そうして1日目の体験学習を終えた俺は、ふらふらと千鳥足で職員室に向かっていた。

教室を出る間際、予想通りに『あ、そうだ田中君。帰りに職員室に寄って行ってくれるかな?』とお達しをいただいたのだ。

やはりこうなってしまったか…
“お仕置き“なんて怖いことを言っていた皇先生に見つかる前に、学校を立ち去ろうとしたのに…

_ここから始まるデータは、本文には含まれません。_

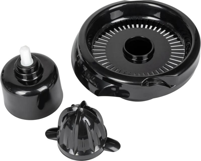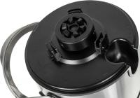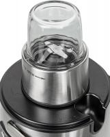 Кухонный процессор KITFORT КТ-1395 оснащен двигателем мощностью 800 Вт и пятью скоростями, включая импульсный режим. В комплект входят чаша комбайна объемом 1,2 л (пластик), стеклянная чаша блендера на 1,5 л, кофемолка (0,2 л), измельчитель (0,7 л) и контейнер для сока (0,8 л). Устройство совмещает функции терки, шинковки, соломорезки, блендера, кофемолки, центробежной и цитрусовой соковыжималки, измельчителя мяса, а также включает насадки для жидкого теста, нож и мутовку. Все съемные части разрешено мыть в посудомоечной машине. Корпус выполнен из пластика, имеет прорезиненные ножки и цветовое исполнение серебристый/черный. Габариты: 355 × 397 × 192 мм, вес — 9,3 кг.

「そうだ、職員室とは言ってもまだ先生がいると決まったわけではないしね。見つかる前に帰ろう…うん、そうしよう」


扉の前でうじうじ数分止まっていたが、意を決して扉を開け放った。


「失礼しま~す」


中を窺うと、一つの人影。


「モブせんせ「遅かったじゃねえか」…間違えました失礼しましたぁぁぁあ!!!!」


バタンッ!!

勢いよく扉を閉めたのはいうまでもない。
あれ?おかしいな。幻聴やら幻覚が見えているかもしれない。

モブ先生らしき人影がやたらキラキラオーラを纏っていたような…

汗をかきながらそんな現実逃避をしていると、腕を捕まれ職員室に引き込まれてしまった。


「ウグゥ!!」

「待っててやったのにその仕打ちか」

「だ、だってモブ先生に呼ばれたのに!!」


肝心の本人いないじゃないですか、というと、皇先生は納得したような表情で頷いた。


「田中のデリバリーをアイツに頼んだのは俺だ。ちなみにアイツには早々に帰ってもらった」

「裏切り者ぉおお!!」

「ま、諦めて座れよ…時間はたっぷりある」


促されて座ったスペースは、応接室のようなスペースで、外からは間仕切りで目隠しされている。

(…捕食される)

なんとなく悟ってしまった。なんてったって、悟君だからね!
焦りっぱなしの脳内では意味不明なことを考えまくっているが、外面はきちんとソファに着席している様は滑稽だ。

先生はそんな俺を気にする事もなく、俺の向かいで長い足を優雅に組んでいた。
表情はまさに獲物を捕まえた肉食獣。

恐る恐る視線を合わせると、先生は口角をあげ獰猛な笑みを浮かべた。